EXERCISE DETAILS: Start at the first line of the material. Repeat each line exactly through the one containing "我要找一些拓展练习册和在线资", then stop.

DATA SHOWN:
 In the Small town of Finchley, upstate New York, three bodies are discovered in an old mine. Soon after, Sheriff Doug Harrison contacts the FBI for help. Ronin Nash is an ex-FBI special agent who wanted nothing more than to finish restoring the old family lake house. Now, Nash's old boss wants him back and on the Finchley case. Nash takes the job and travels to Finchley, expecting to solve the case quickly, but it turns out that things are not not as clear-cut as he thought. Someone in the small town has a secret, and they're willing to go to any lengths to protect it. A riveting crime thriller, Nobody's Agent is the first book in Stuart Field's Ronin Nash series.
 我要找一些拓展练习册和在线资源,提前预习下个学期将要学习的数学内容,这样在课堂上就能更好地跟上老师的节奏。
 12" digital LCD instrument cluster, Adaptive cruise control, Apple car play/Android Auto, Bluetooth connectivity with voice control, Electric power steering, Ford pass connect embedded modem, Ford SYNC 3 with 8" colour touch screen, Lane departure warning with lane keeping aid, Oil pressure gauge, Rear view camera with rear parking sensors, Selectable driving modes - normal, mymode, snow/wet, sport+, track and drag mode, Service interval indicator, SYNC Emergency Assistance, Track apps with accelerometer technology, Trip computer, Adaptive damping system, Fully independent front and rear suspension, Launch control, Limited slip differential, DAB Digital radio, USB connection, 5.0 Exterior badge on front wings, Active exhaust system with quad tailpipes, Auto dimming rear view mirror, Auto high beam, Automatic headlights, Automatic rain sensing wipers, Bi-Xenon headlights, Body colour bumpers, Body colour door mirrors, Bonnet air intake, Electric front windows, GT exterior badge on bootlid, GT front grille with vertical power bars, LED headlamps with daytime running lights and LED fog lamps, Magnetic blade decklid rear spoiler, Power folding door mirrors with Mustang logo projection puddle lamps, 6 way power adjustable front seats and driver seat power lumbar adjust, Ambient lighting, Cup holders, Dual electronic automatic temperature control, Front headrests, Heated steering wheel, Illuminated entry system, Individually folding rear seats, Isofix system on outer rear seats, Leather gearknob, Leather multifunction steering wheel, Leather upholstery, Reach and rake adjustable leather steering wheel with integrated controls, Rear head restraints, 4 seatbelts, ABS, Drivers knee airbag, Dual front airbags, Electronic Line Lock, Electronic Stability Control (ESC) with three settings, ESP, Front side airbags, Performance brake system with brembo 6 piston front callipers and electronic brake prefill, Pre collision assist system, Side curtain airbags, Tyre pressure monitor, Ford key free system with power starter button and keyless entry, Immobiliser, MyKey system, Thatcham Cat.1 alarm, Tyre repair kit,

FINISHED EXERCISE:
 In the Small town of Finchley, upstate New York, three bodies are discovered in an old mine. Soon after, Sheriff Doug Harrison contacts the FBI for help. Ronin Nash is an ex-FBI special agent who wanted nothing more than to finish restoring the old family lake house. Now, Nash's old boss wants him back and on the Finchley case. Nash takes the job and travels to Finchley, expecting to solve the case quickly, but it turns out that things are not not as clear-cut as he thought. Someone in the small town has a secret, and they're willing to go to any lengths to protect it. A riveting crime thriller, Nobody's Agent is the first book in Stuart Field's Ronin Nash series.
 我要找一些拓展练习册和在线资源,提前预习下个学期将要学习的数学内容,这样在课堂上就能更好地跟上老师的节奏。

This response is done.